Eka menambahkan, dalam kasus dugaan hinaan kepada negara Palestina, pihaknya hanya "menitipkan MS kepada orang tuanya".

Sementara itu, Juru bicara Kemendikbud Ristek, Hendarman dalam keterangan tertulis mengatakan "pemerintah terus mendorong diskusi positif dengan pemerintah daerah dan dinas terkait agar setiap permasalahan yang terjadi dapat terselesaikan dengan baik sesuai dengan aturan yang berlaku".

Penangguhan sementara

Sementara itu, dalam kasus dugaan hinaan negara Palestina yang dilakukan HM, sejauh ini kepolisian NTB telah mengevaluasi kasus yang dilakukan oleh petugas kebersihan itu.

Kepolisian menyimpulkan tindakan HM telah memenuhi syarat untuk dilakukan restorative justice atau melalui pendekatan hukum yang berkeadilan.

"Kita lakukan penangguhan penahanan," kata Kabid Humas Polda NTB, Artanto Kamis (20/05).
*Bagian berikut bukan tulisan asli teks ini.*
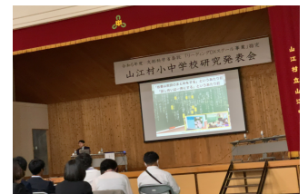
午後からの全体会
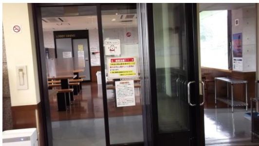
旧女性寮側の食堂入り口

食事用テーブル36席、駐車場側のカウンター5席、国道側カウンター5席に、それぞれをパーティーションで区切り、感染予防対策を図った。
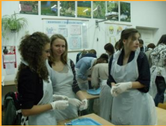
Zajęcia kółka biologicznego
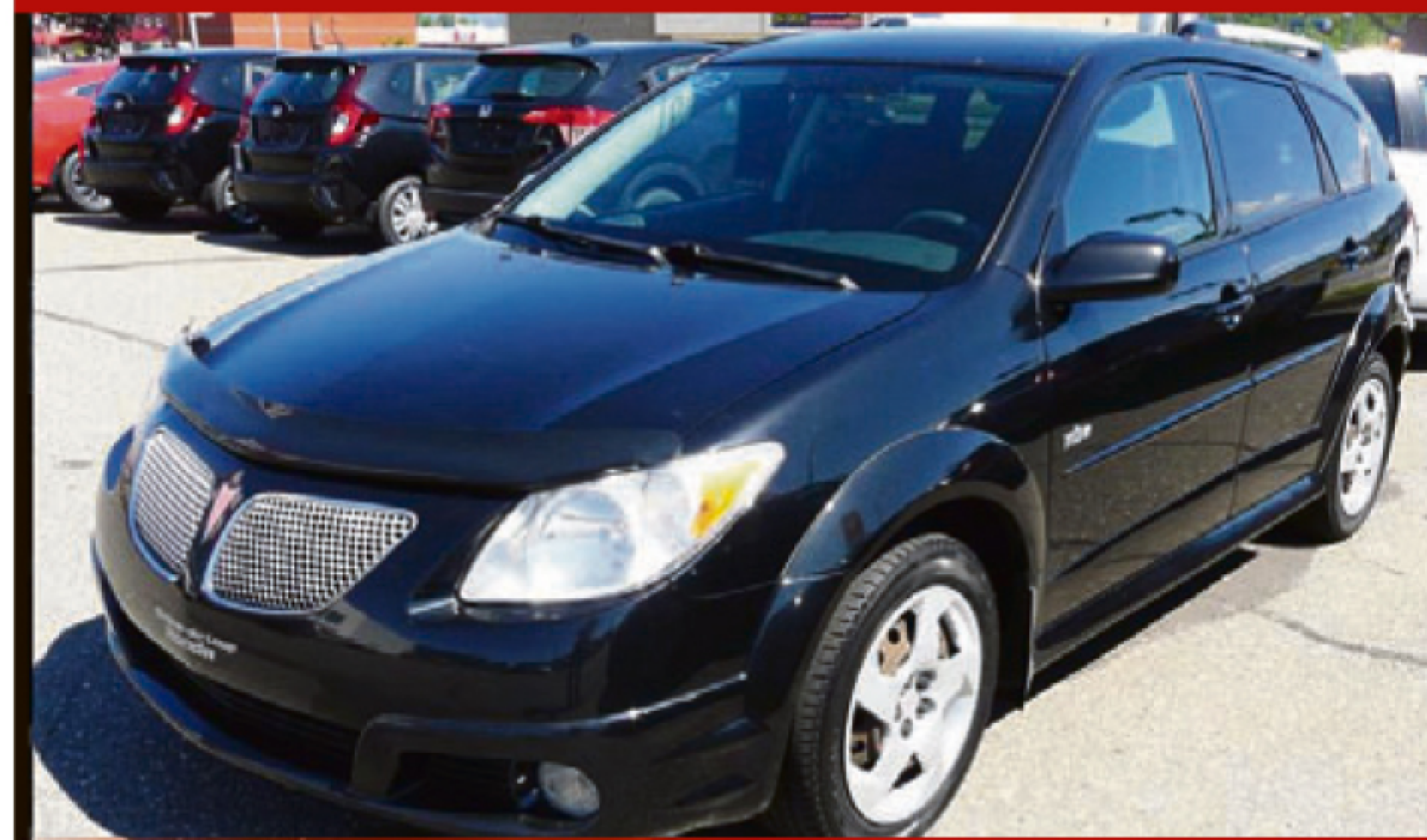
PONTIAC VIBE 2007 4DR WGN

Automatique, climatisation, portes et miroirs électriques, rég. de vitesse, DC, sièges baquets. 127 650 km. #M4471A
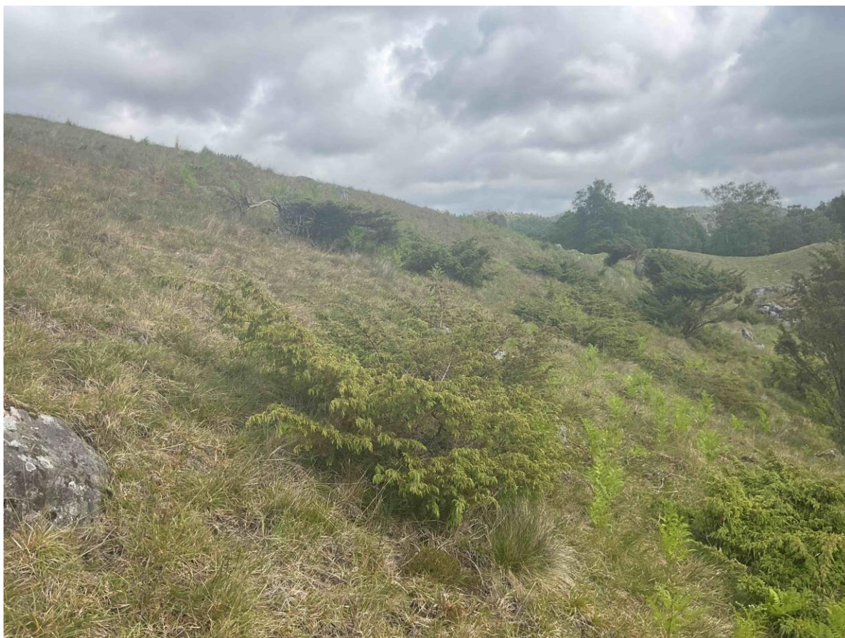
Figur 4.2. Intermediær semi-naturlig eng med svakt preg av gjødsling i St. Olavsormen naturminne.
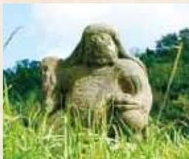
93 6号 (中俣)
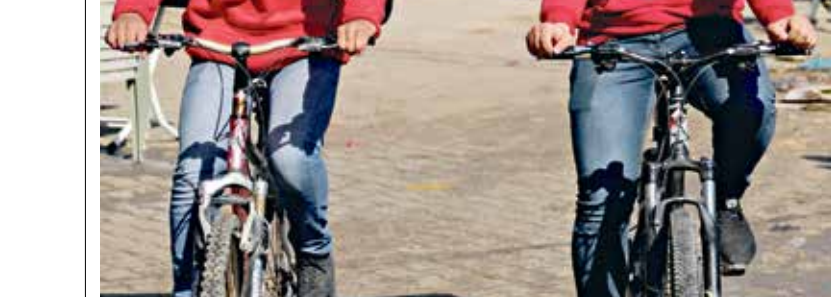
مرصّة عمك مناسبة لهما (محمد الحجار)
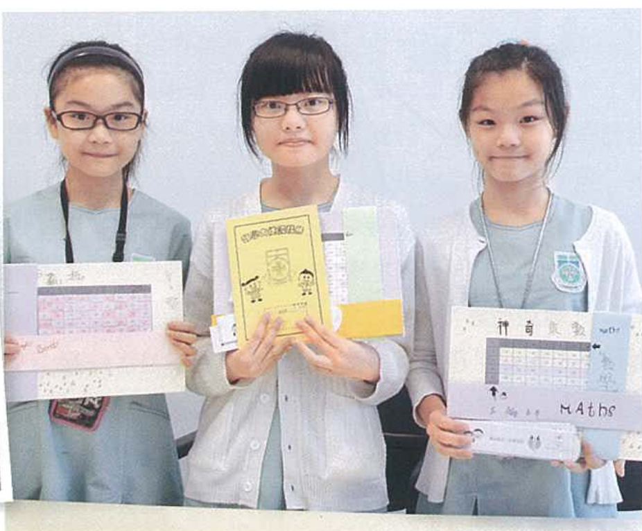
六年級學生擔任「數學大使」，自製教材教導學弟學妹。
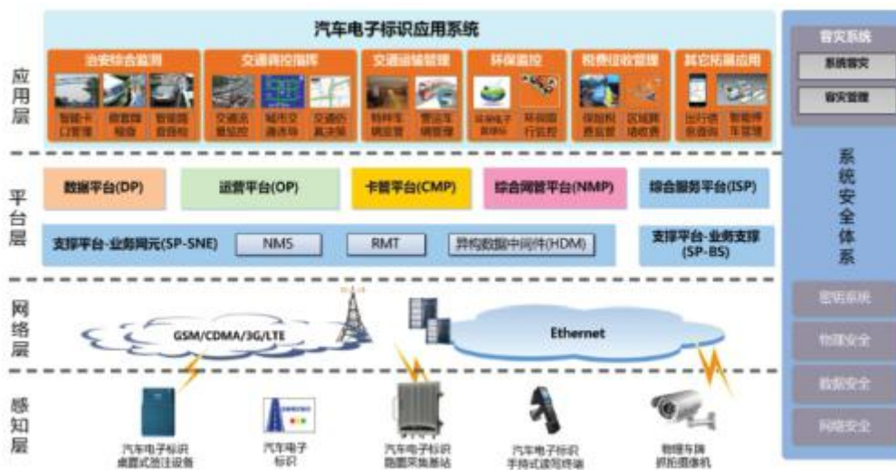
汽车电子标识系统示意图

公司拥有汽车电子标识系列全套技术和产品，可以提供从采集层到平台和应用层的整体智能交通管理解决方案，包括感知层设备（包括陶瓷标签、条卡标签、室内外阅读器、一体式阅读器、手持式阅读器等）、平台层软件（设备远程管理平台、智能交通数据平台、卡管平台等）以及应用层软件（假套牌稽查系统、交通流量监控系统等）。
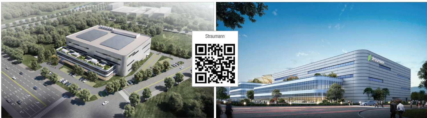
So wird der China Campus der Straumann Group nach Fertigstellung aussehen.

Unternehmensgruppe errichtet ihr erstes Produktions-, Ausbildungs- und Innovationszentrum.
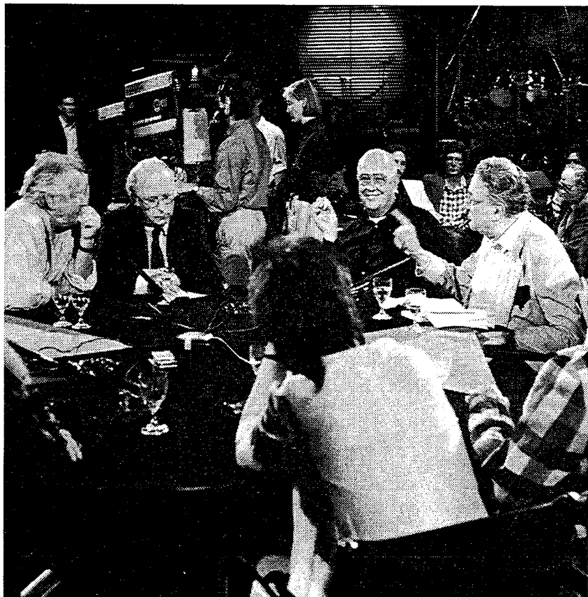
Tijdens een televisiedebat in Duitsland, na de val van de muur.

"Karena pertama dia tidak ada niatan untuk menghina, karena dia tidak mengerti apa itu Palestina, apa itu Israel. Nggak ngerti dia," kata Artanto.

Namun, Artanto tak menjelaskan lebih rinci mengenai catatan kriminal HM apakah akan dihapuskan setelah melalui rapat restoratif justice.

"Kalau namanya catatan kriminal itu kalau yang bersangkutan sudah inkrah dalam putusan pengadilan. Namun, yang bersangkutan dalam proses penyelidikan, dengan restoratif justice itu nanti akan ada perdamaian atau kasus di luar pengadilan," katanya seperti dilaporkan wartawan Abdul Latief Apriaman untuk BBC News Indonesia.

Artanto juga menuturkan tak ada jaminan dalam kasus serupa dapat dilakukan restoratif justice, sehingga bisa saja proses hukumnya tetap berlanjut ke pengadilan.

"Kasus ini kita harus lihat konstruksi hukumnya seperti apa, apakah itu kasus ini bisa dilakukan upaya tersebut atau tidak. Nanti penyidik yang punya pertimbangan terhadap kasus tersebut," katanya.

Langkah pencegahan yang sejauh ini dilakukan kepolisian, termasuk ekspos media terhadap kasus HM sebagai "salah satu bentuk pelajaran untuk masyarakat".